Osborne set to use fiscal magic trick to deliver a budget surplus

Martin Beck, senior economic adviser to the EY Item Club, said the chancellor’s plan to find another £4 billion of departmental savings in the budget should be taken with a pinch of salt.

The savings will help the chancellor to meet his budget rule of eliminating the deficit by the 2019-20 financial year. However, they are expected to be uncosted, a trick he has used before to make his numbers work without detailing where the axe will fall.

By delaying the detail on the cuts, Mr Osborne can wait and hope that better growth in future years will allow him to row back on the extra austerity.

The chancellor used the tactic in the spending review last November, when he pocketed part of a £27 billion windfall to relax departmental spending cuts by £8 billion in 2019-20.

Government departments were given a total spending figure of £320.3 billion in the July budget for 2019-20, the key year.

At the spending review in November, the chancellor increased that by £8.3 billion to £328.6 billion to spare departments such deep cuts. The chancellor was able to relax the squeeze on departmental spending thanks to forecasting changes by the Office for Budget Responsibility, which handed him a £27 billion windfall for the five-year parliament. Unlike earlier windfalls, he used the money to ease up on austerity.
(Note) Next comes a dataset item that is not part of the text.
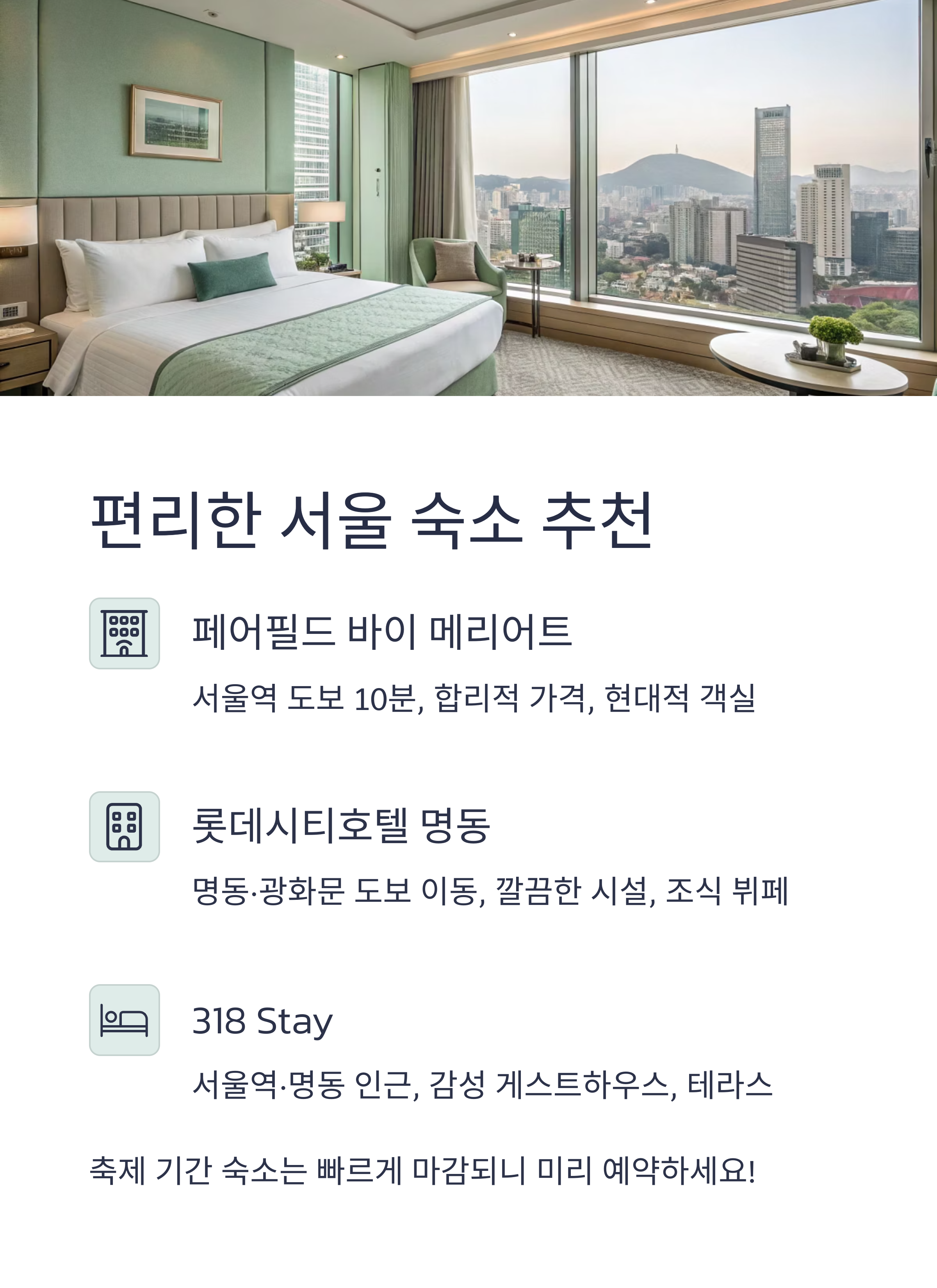 서울역, 명동, 강남 등 백화점 페스티벌 행사장과 접근성이 좋은 인기 호텔과 게스트하우스를 추천합니다. 각 숙소별 예약 바로가기 버튼도 함께 제공합니다.
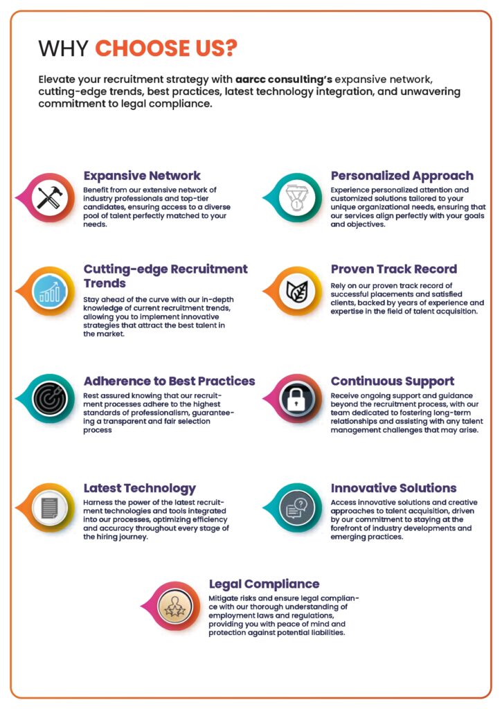 Empowering organizations to recruit talent perfectly aligned with their skill requirements, aarcc consulting specializes in facilitating precision hiring solutions for seamless workforce optimization.

Mr Beck, said: “The tighter spending plans that the chancellor announced he would follow [early this year] mean that he has some blueprints for a squeeze on spending in his forthcoming statement.

“But the major extent to which those plans changed over a relatively short period of time suggests that we should take talk of spending cuts several years in the future with a pinch of salt. They may be more about getting Mr Osborne out of what he will hope is a short-term fiscal hole.”

Osborne has been criticised for using uncosted savings to meet his rules before. Two years ago, the Institute for Fiscal Studies criticised him for paying for tax giveaways with “unspecified spending cuts”.

The chancellor disclosed that extra cuts were coming on Sunday, when he told BBC One’s The Andrew Marr Show: “I need to find additional savings equivalent to 50p in every £100 the government spends by the end of the decade.”

Spending in 2019-20 is forecast to be £821 billion, which suggests the chancellor is eyeing £4 billion of savings.